▶ [About this exercise]: In the records that follow, find the line containing "Öğrenciler, Türk Yıldızları'nı" and the line containing "1girlabsahogeanimal earsbandeaubare shouldersbeltbreastscat", then transcribe both and every line between them exactly, omitting pictures.

▶ [Information shown]:
....................

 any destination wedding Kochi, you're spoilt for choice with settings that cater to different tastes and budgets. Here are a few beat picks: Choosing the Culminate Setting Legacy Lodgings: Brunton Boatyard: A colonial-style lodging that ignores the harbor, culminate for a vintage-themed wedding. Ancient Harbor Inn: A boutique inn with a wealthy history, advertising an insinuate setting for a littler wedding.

....................

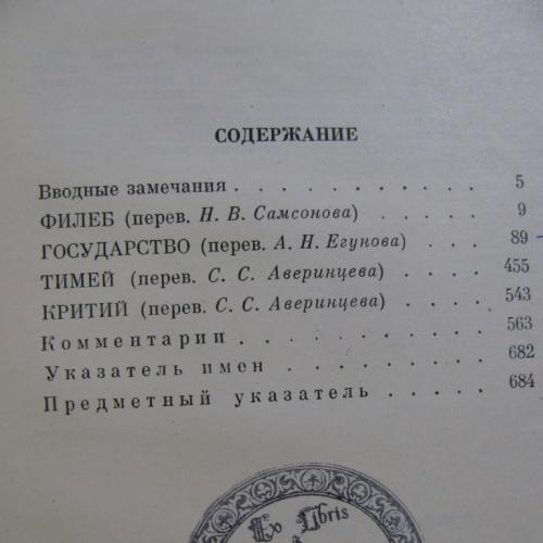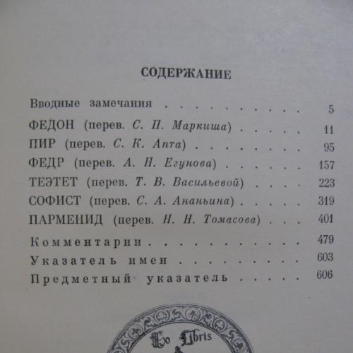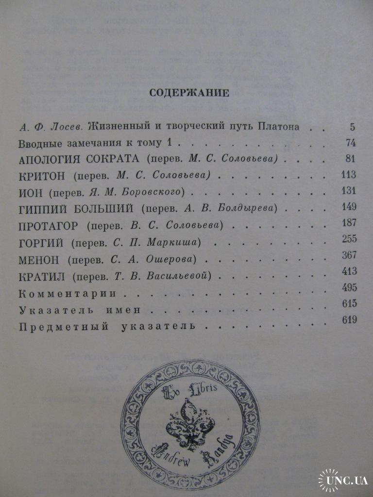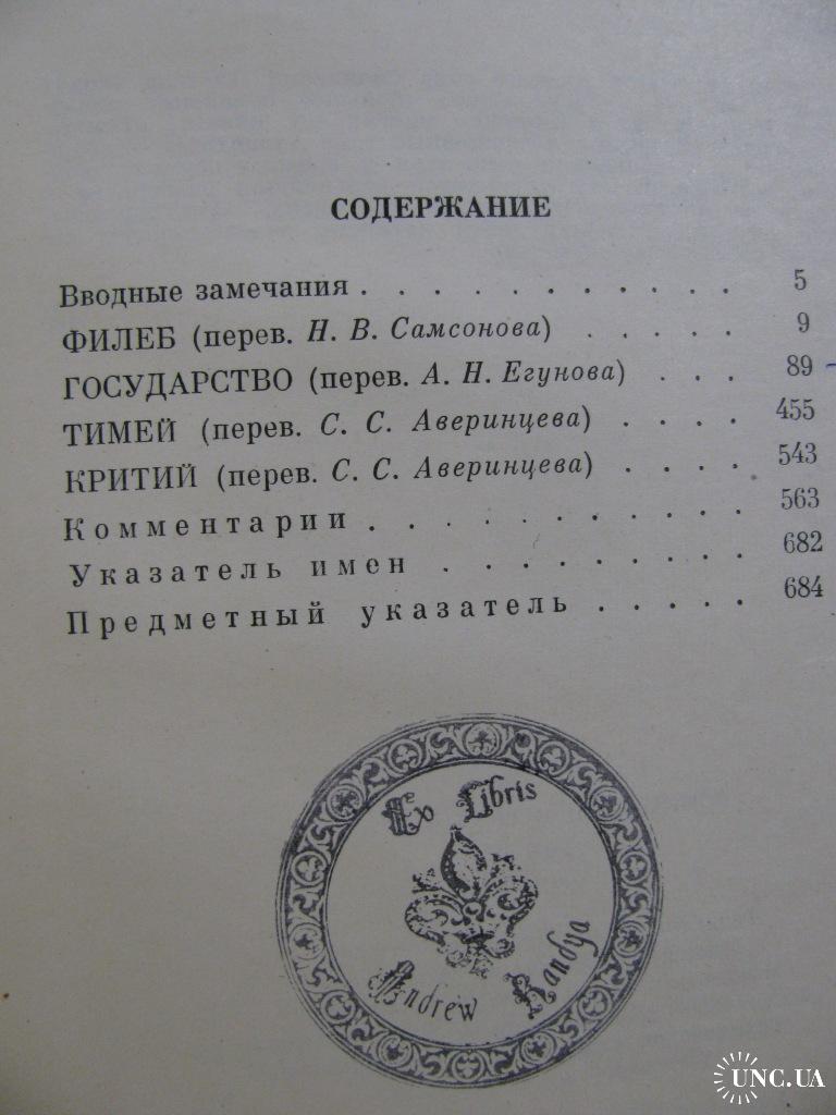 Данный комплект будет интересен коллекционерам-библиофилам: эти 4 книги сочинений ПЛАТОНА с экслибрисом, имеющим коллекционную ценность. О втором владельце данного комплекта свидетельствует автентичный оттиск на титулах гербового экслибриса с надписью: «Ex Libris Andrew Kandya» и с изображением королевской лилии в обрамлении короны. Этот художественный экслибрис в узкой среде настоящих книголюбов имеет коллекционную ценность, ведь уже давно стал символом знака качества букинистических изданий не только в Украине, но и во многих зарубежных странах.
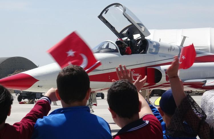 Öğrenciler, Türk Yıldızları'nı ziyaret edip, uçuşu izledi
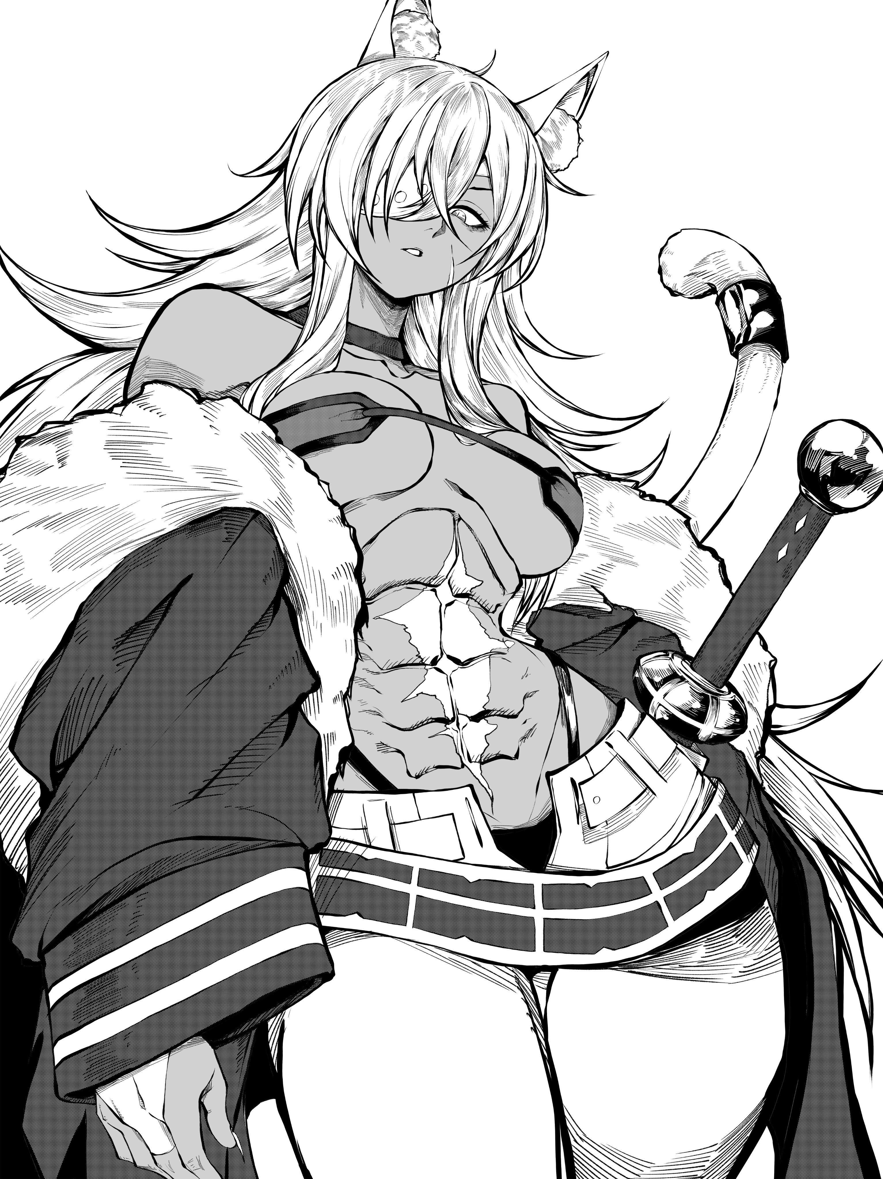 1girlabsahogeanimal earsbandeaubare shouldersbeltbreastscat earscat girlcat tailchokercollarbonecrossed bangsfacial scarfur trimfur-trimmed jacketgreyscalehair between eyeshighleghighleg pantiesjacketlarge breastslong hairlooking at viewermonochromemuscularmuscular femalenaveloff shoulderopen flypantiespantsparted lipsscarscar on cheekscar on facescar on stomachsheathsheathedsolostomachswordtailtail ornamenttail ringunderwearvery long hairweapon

....................

▶ [Worked solution]:
 Öğrenciler, Türk Yıldızları'nı ziyaret edip, uçuşu izledi
 1girlabsahogeanimal earsbandeaubare shouldersbeltbreastscat earscat girlcat tailchokercollarbonecrossed bangsfacial scarfur trimfur-trimmed jacketgreyscalehair between eyeshighleghighleg pantiesjacketlarge breastslong hairlooking at viewermonochromemuscularmuscular femalenaveloff shoulderopen flypantiespantsparted lipsscarscar on cheekscar on facescar on stomachsheathsheathedsolostomachswordtailtail ornamenttail ringunderwearvery long hairweapon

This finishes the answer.